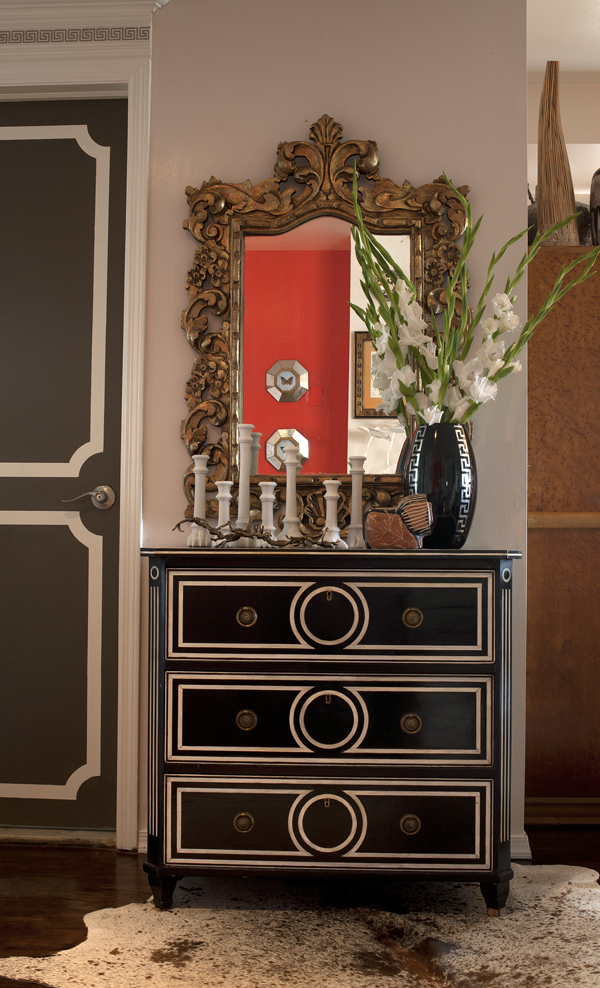 This precious space was occupied by that closet with wash and drier. The inlaid dresser is from Lerebours Antiques, the Greek key base echoes the Greek key crown molding on the door and it's a find from Home Goods.
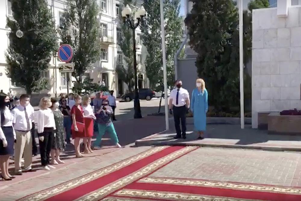 Нынешний праздник получился камерным - самоизоляцию пока никто не отменял, - и прошел на площадке у городской доски почета рядом с мэрией. Флаги РФ и Тамбова подняли с соблюдением социальной дистанции и масочного режима. Солистам ансамбля "Новый мир" на время исполнения гимна маски разрешили снять - иначе бы песни не вышло.
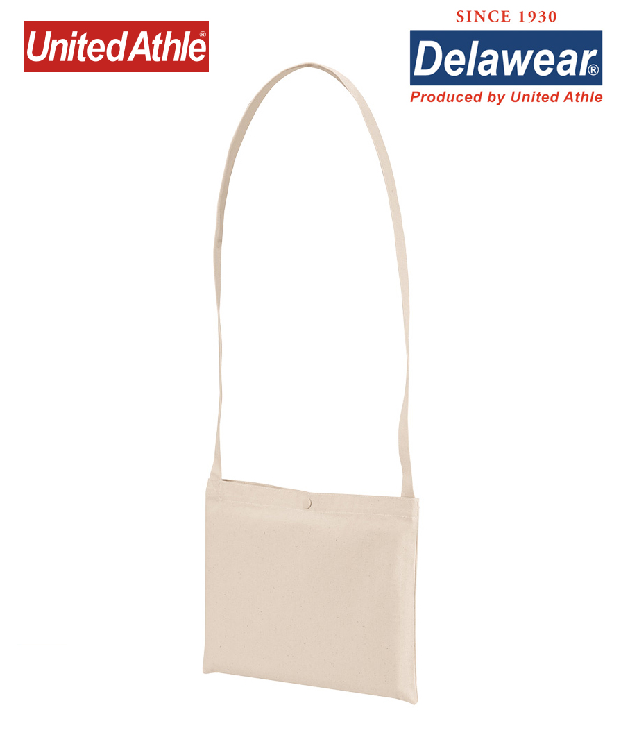 マチの無いフラットな仕様が使いやすい!最強のコスパを実現したユナイテッドアスレのセカンドライン「Delawear(デラウエア)」で大人気のキャンバスサコッシュ!この作りでこの価格は必見です。シンプルな作りと丁度良いサイズ感なので、ワンマイルのお出かけや旅先でのサブバッグ等々、アクティブなシーンで幅広くご活用いただけます。袋口には、ドットボタン付きが付いているので中身が飛び出す心配がないのも、ポイント。シンプルなデザインは、カスタマイズ用に最適です。アパレルや、アウトドアメーカーのOEM商品としてオリジナルサコッシュはいかがですか?驚くほどリーズナブルなので、様々なイベントやキャンペーンのノベルティやギフト用としても必見です。オレンジパームでは、1個からオリジナルのプリントや刺繍加工を承ってます。もちろん、無地のままでも格安卸プライスで通販可能です。【バッグに関してのお取り扱い注意】濃色の製品につきまして、濡れた状態で衣服等と強く連続してこすれると移染することがあります。
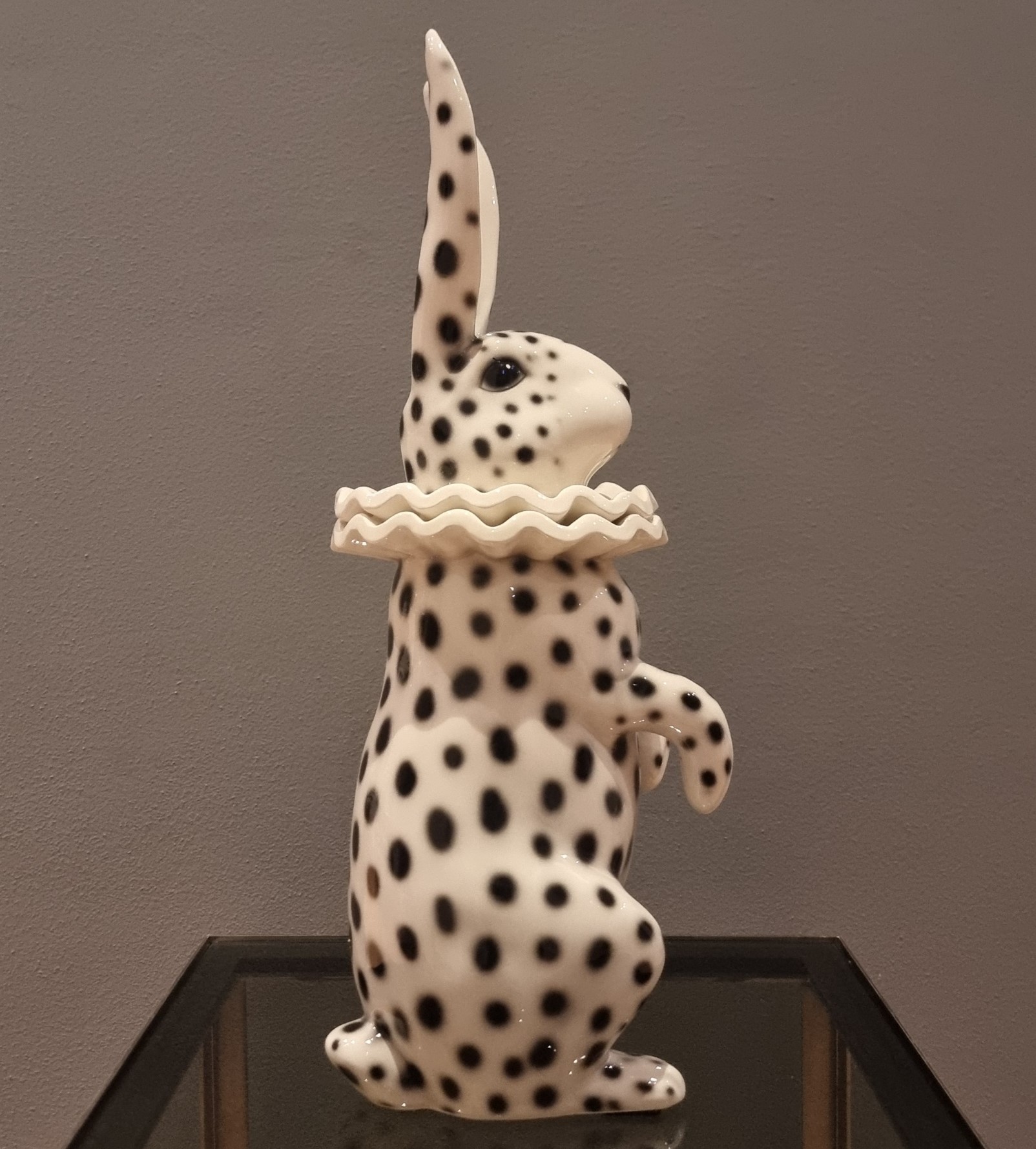 Per gli amanti dell'arte, del vintage o delle decorazioni fuori dal comune, questo coniglio in ceramica rappresenta un'idea regalo straordinaria. La sua bellezza non passa inosservata e il richiamo al tenero personaggio di Pierrot lo rende ancor più poetico e apprezzato.

※

- PROBLEM TO WORK ON:
Lines before the one containing "マチの無いフラットな仕様が使" are not wanted; repeat that line and the rest of the listing exactly, leaving out pictures.

- ANSWER TO THE PROBLEM:
 マチの無いフラットな仕様が使いやすい!最強のコスパを実現したユナイテッドアスレのセカンドライン「Delawear(デラウエア)」で大人気のキャンバスサコッシュ!この作りでこの価格は必見です。シンプルな作りと丁度良いサイズ感なので、ワンマイルのお出かけや旅先でのサブバッグ等々、アクティブなシーンで幅広くご活用いただけます。袋口には、ドットボタン付きが付いているので中身が飛び出す心配がないのも、ポイント。シンプルなデザインは、カスタマイズ用に最適です。アパレルや、アウトドアメーカーのOEM商品としてオリジナルサコッシュはいかがですか?驚くほどリーズナブルなので、様々なイベントやキャンペーンのノベルティやギフト用としても必見です。オレンジパームでは、1個からオリジナルのプリントや刺繍加工を承ってます。もちろん、無地のままでも格安卸プライスで通販可能です。【バッグに関してのお取り扱い注意】濃色の製品につきまして、濡れた状態で衣服等と強く連続してこすれると移染することがあります。
 Per gli amanti dell'arte, del vintage o delle decorazioni fuori dal comune, questo coniglio in ceramica rappresenta un'idea regalo straordinaria. La sua bellezza non passa inosservata e il richiamo al tenero personaggio di Pierrot lo rende ancor più poetico e apprezzato.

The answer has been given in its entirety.